As a young parent in my twenties, my husband and I had full-time jobs while my husband also attended college. Our daughter was in full-time daycare while we worked. Once all our bills were paid, we would be left with about $100 a week to cover any additional costs. I was constantly worried about making ends meet.
After an unexpected car repair drained our bank account, I was worried about having enough money to pay for any other expenses before our next payday. We had two credit cards but both were maxed out. I started searching online for short-term loan options because I didn’t know what else to do.
I knew how high interest rates were on payday loans, but I convinced myself I would only use it this one time. My plan was to keep the money in my account as an emergency fund and easily pay it back when our paycheck came in.
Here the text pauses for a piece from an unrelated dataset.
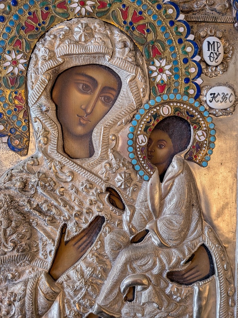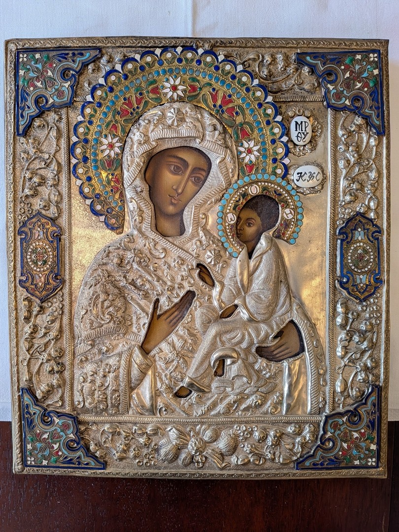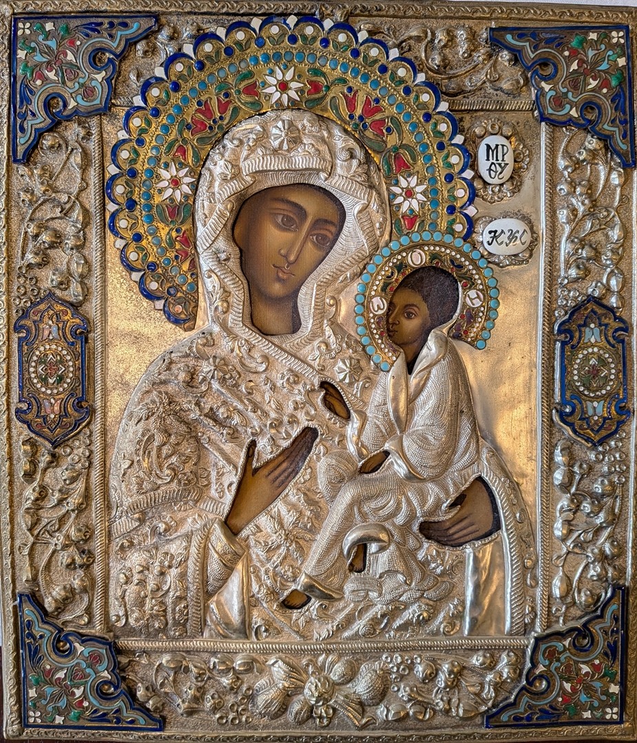 Gottesmutter mit dem Jesuskind, 19/20. Jahrhundert, russische Ikone. Die Ikone zeigt die Jungfrau Maria mit dem Jesuskind im Arm. Beide Figuren haben Heiligenscheine mit kunstvoller Ornamentik. Die griechischen Buchstaben "ΜΡ ΘΥ“ stehen für Meter Theou - "Mutter Gottes", "ΙC XC“ steht für Iēsous Christos - "Jesus Christus". Der Oklad (Metallverkleidung) ist fein getrieben und teilweise emailliert. Die Gesichter, Hände und Füße des Jesuskinds sind mit Eitempera auf Holz gemalt.

I applied for a payday loan and was extended $300 in a matter of minutes. I uploaded a copy of my most recent pay stub and entered my checking account information. I felt relief flood over me when I saw the money pop up in my bank account. 
When payday came around, I was thrilled that I hadn't used any of the payday loan amount and quickly paid it back. Unfortunately, the interest rate dug into our already incredibly tight budget, leaving us less than $100 until the next payday. I found myself wanting that $300 cushion back just in case. This is where the cycle began.
This pattern went on for a few months. I was so ashamed because I knew how predatory the practice of payday loans was. On the flip side, I was also a young mother who was worried about paying for diapers and formula. I didn’t feel like I had any other options. 

How I got out of the cycle of debt

Thankfully, I have a birthday that falls around the holidays. That year I asked for cash gifts from family and friends, telling them I was saving up for something big. I did not explain that I was hoping to use the cash to get out of that debt cycle
With those generous gifts, I was able to finally get out from underneath the payday loans and start a small emergency fund. I knew saving an emergency fund and getting out of credit card debt would help prevent me from ever needing to consider payday lending again.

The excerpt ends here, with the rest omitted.